The phrase clearly is drawn on the notion of a coasting school. A helpful blog post from Professor Michael Jopling at Northumbria University discusses coasting schools. The meaning of that phrase has undergone a transition from schools ‘at risk of failure’ in 2007 to “the ones whose results have either flat-lined or where they haven’t improved as much as they could have” according to David Cameron in 2011. That’s clearly a raising of the bar.

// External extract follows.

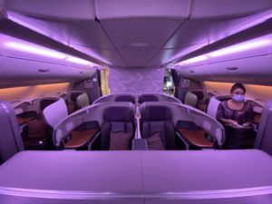 Kleine Ergänzung: nur die Mittelsitze in der jeweils ersten Reihe (also 3×2) lassen sich in eine Art Doppelbett verwandeln. Dort sind meist auch Bassinets platziert und meist nur für Familien mit Kleinkindern buchbar. Wir haben den extrem großzügigen Platz sehr genossen.

It’s a fantastically problematic concept. If you look at value added, you get quite a different picture of which universities are doing best – here’s the top 6 on value added from the Guardian league table 2015:

Gloucestershire
7.7
Abertay Dundee
7.5
Edinburgh Napier
7.5
Liverpool John Moores
7.4
Bournemouth
7.0
Bradford
7.0

I don’t imagine that these are the Universities that government ministers have in mind when they think of top universities, but they’re setting the pace when it comes to not coasting.

There’s another problem with the concept, which is about the nature of higher education.

School education – up to the age 16 – is compulsory. Like it or not, you have to go to school. It gives you the chance to learn and to be able to play a part in society and the economy, and adds to the country’s capital. It makes sense to regard the state as a stakeholder, and therefore for the state to have a concern about the standard of what goes on. (nb that I’m not saying I agree with what the government are doing … and I do know that my characterisation of the point of compulsory education is a limited one.)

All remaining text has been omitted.